#### Task goal:
Could you output each line below exactly as it appears, excluding any pictures?

#### Raw data:
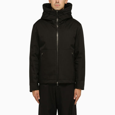 Black nylon Herno jacket, featuring a fixed hood, zip fastening and two front pockets. Size and Fit - Model wears size 50 IT Model measurements: Height: 185 cm Chest: 100 cm Waist: 83 cm Hips: 92 cm
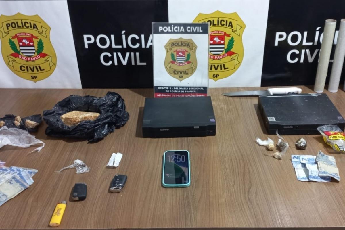 No primeiro endereço, na rua Antônio Alves da Silva, um jovem de 22 anos foi abordado. No local, os policiais encontraram uma porção média de pasta base de cocaína, um tijolo de crack e outras quatro porções da droga, escondidas em uma blusa de frio. Também foram apreendidos R$ 230 em dinheiro, um celular Apple e um equipamento de monitoramento (DVR).
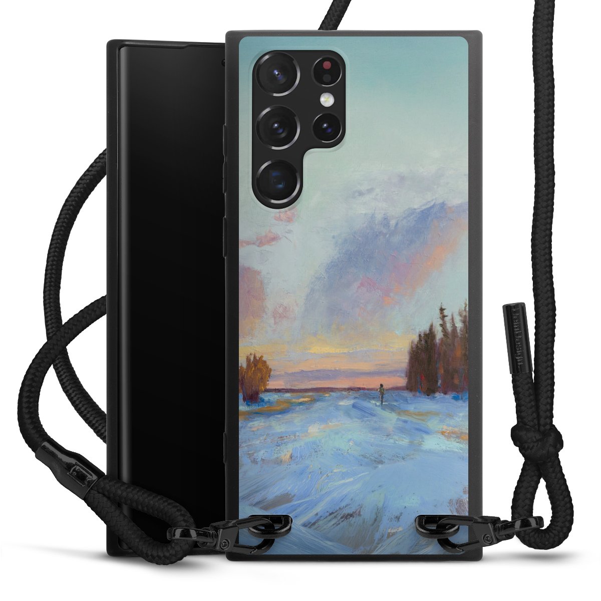 We use the solid direct print process for this phone case, which is why the print area only covers the back and the edge remains unprinted. The case to wear around your neck can be ordered unprinted, fully printed, or partially printed. For your design, either choose one of our exclusive shop motifs or get creative and create your own design, for example with photos and overlays. Design your own personal trend accessory and make an individual statement on the streets!

#### Task response:
 Black nylon Herno jacket, featuring a fixed hood, zip fastening and two front pockets. Size and Fit - Model wears size 50 IT Model measurements: Height: 185 cm Chest: 100 cm Waist: 83 cm Hips: 92 cm
 No primeiro endereço, na rua Antônio Alves da Silva, um jovem de 22 anos foi abordado. No local, os policiais encontraram uma porção média de pasta base de cocaína, um tijolo de crack e outras quatro porções da droga, escondidas em uma blusa de frio. Também foram apreendidos R$ 230 em dinheiro, um celular Apple e um equipamento de monitoramento (DVR).
 We use the solid direct print process for this phone case, which is why the print area only covers the back and the edge remains unprinted. The case to wear around your neck can be ordered unprinted, fully printed, or partially printed. For your design, either choose one of our exclusive shop motifs or get creative and create your own design, for example with photos and overlays. Design your own personal trend accessory and make an individual statement on the streets!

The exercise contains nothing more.